The inputs of 20 and 39 are both being double-claimed. That seems to be a contradiction, so I’m not really sure how to interpret that. Perhaps it indicates the presence of ‘other valid partitions’. After all, 20 (D) can’t go to both 59 (i) and 71 (iv).
I selected the link between 10 (E) and 00 (iii), to see if it could shed light on 20 and 39…
Round Three
In: Out:
A 8.4809,2042 i 6.5004,3459
B 6.5831,7609 ii 9.2833,7262
C 4.3501,4451 iii 6.4534,9890
D 3.3066,6320 iv 18.3707,5971
E ----------- =================
F 7.1220,0016 59 -- must go to i
G 8.6618,0705 62 -- must go to ii
H 2.1033,5439 90 -- must go to iii
============= 71 -- must go to iv
...
59 -- can't be reached if 20, 39 are removed
62 -- can't be reached if 42 is removed
90 -- can't be reached if 39 is removed
71 -- can't be reached if 20 is removed
…but it shed no additional light on anything.
At this point I’m pretty confused about the persistant dual-appearance of 20 and 39, so I checked my Answer Key (after all, I made this problem). 39 is supposed to go to iii (ie, “90”). I also checked and 20 is supposed to go to 71. Perhaps it is a general rule that, a finding with 2 contradictions should always lose to 1 contradiction. Or perhaps not.
I’m doing this for fun and I’m already getting very bored, so I’ll just do the 39 output…
Round Four
In: Out:
A 8.4809,2042 i 6.5004,3459
B 6.5831,7609 ii 9.2833,7262
C 4.3501,4451 iii 4.3501,4451
D 3.3066,6320 iv 18.3707,5971
E ----------- =================
F 7.1220,0016 59 -- must go to i
G 8.6618,0705 62 -- must go to ii
H ----------- 51 -- must go to iii
============= 71 -- must go to iv
...
59 -- can't be reached if any of 42, 9, 51, 20, 16, 5 are removed
62 -- can't be reached if any of 42, 20, are removed
51 -- can be reached (no matter what is removed)
71 -- can't be reached if 20 is removed
…after which point, there is least now a compelling logical reason to assign 20 to 71.
Round Five
In: Out:
A 8.4809,2042 i 6.5004,3459
B 6.5831,7609 ii 9.2833,7262
C 4.3501,4451 iii 4.3501,4451
D ----------- iv 15.0640,9651
E ----------- =================
F 7.1220,0016 59 -- must go to i
G 8.6618,0705 62 -- must go to ii
H ----------- 51 -- now a collission
=============
...
59 -- can't be reached if any of 42, 9, 51, 16, 5 are removed
62 -- can't be reached if any of 42, 9, 51, 16, 5 are removed
But, actually, if you just look at it you see that C is the exact same value as iii. Beginner’s luck I guess.
Round Six
In: Out:
A 8.4809,2042* i 6.5004,3459
B 6.5831,7609* ii 9.2833,7262
C ----------- iii 0
D ----------- iv 15.0640,9651
E ----------- =================
F 7.1220,0016* 459
G 8.6618,0705* 262
H ----------- 651
============= ---
721 = (459+262)
913 = (262+651)
459 110 = (459+651)
262
651
Unfortunately, my simple simple algorithm isn’t noticing that i+ii add up to F+G (which would lead it immediately to the right answer and full solution). Turns out that the idea of re-splitting the outputs helps a great deal – earlier [in Round Three] it tried to trick the algorithm into assigning 42 [A] to 62 [ii], which would have been a mistake.

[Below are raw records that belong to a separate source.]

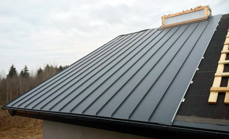 Главная особенность этого материала – легкость монтажа. Листы крепятся к обрешетке саморезами через отверстия вдоль замочной части кровли без использования специального оборудования.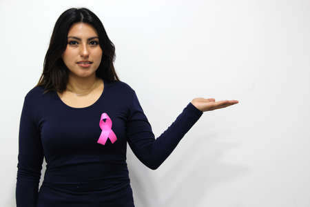 latin woman with blue blouse and pink ribbon for campaign against breast cancer on plain white background
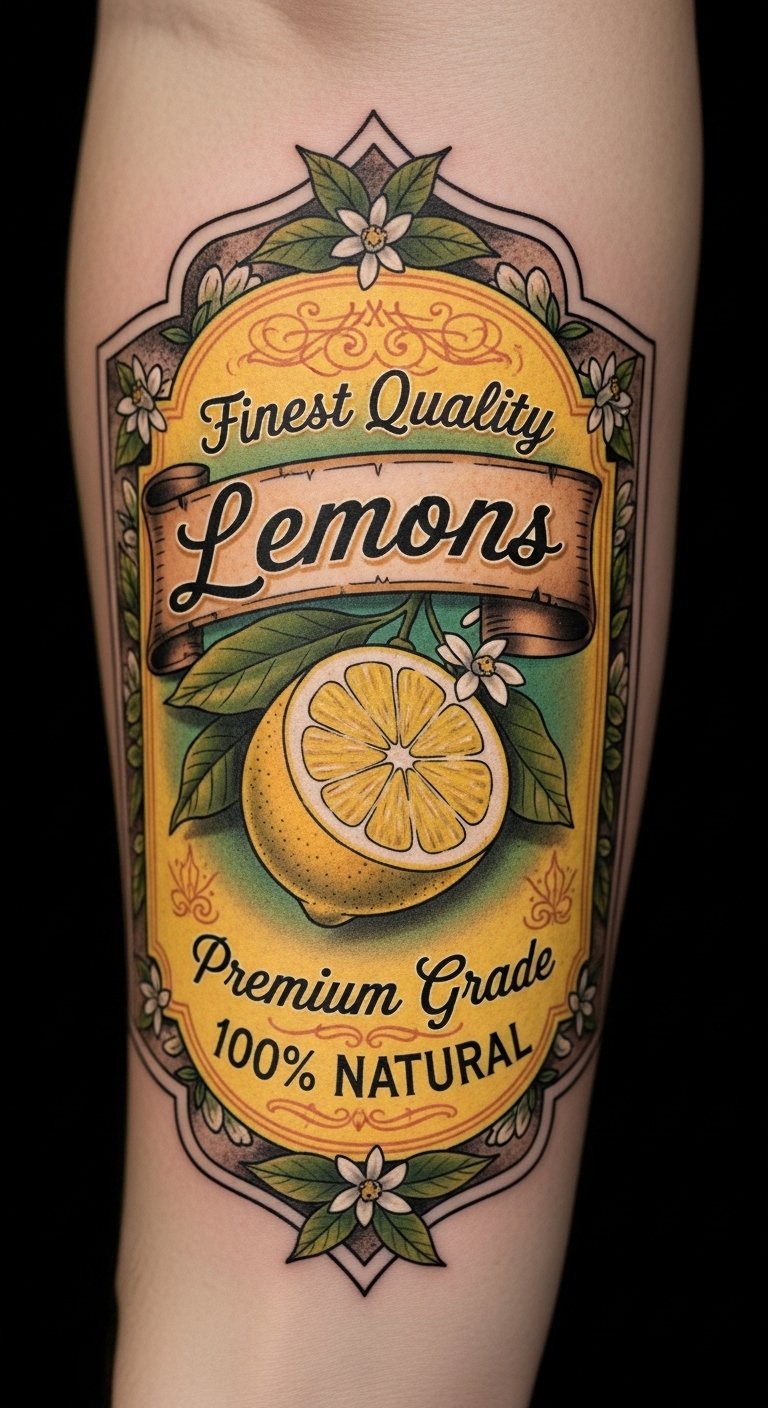 This concept transforms the vintage lemon label into a tattoo that symbolizes warmth, optimism, and a yearning for simplicity; bright yellows and distressed textures convey sunlight and aged charm, while ornate, flowing type evokes handcrafted care. Emotionally it balances playful nostalgia with confident boldness—ideal for someone who values history and joy. Suggested placement: forearm or upper shoulder where the rectangular label shape can wrap slightly, allowing the typography and citrus illustration to be read easily and to age gracefully with the skin.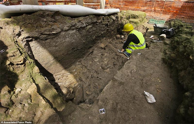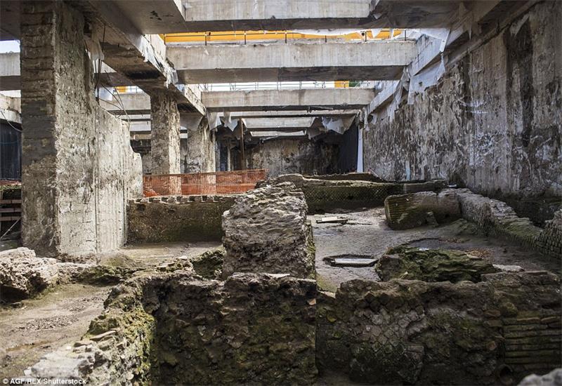 Officials hope to incorporate the discovery into the new metro station, which is scheduled to open in 2020. A view of the remains of the ancient Roman barracks, pictured above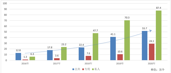 本月,中國電動汽車充電基礎設施促進聯盟發布的《2020-2021年度中國充電基礎設施發展報告》(以下簡稱《發展報告》)顯示,2020年,我國充電基礎設施建設規模持續高速增長,截至2020年底,公共充電樁保有量數量79.8萬個,私人充電樁數量87.4萬個,建設規模持續保持世界首位。

Oh well. Maybe someone can improve it. An obvious improvement would be to convert all the numbers to binary, first (since the zero digit is so problematic). Probably, there already exist specialized cryptographic / combinatorial algorithms for fast cracking.
Obviously I got a little overconfident here, after three examples that were (by construction) trivial to break with a pen and paper, I bit off more than I could chew with Example 4. I think if it just had one fewer input, I could have done it easily, but then again that is the whole point of CashFusion, right? If there are many outputs, it quickly becomes impractical.
Anyway, some guidelines for good CashFusions:
In any event, I do think I have shown the limitations of the “stirling heuristic”. Often it does not apply at all.
When amounts differ substantially, the entire Fusion can be cracked open by hand with just a pen and paper and some arithmetic.
This paper seems to be a much much better direction, than just naively relying on the Stirling Heuristic.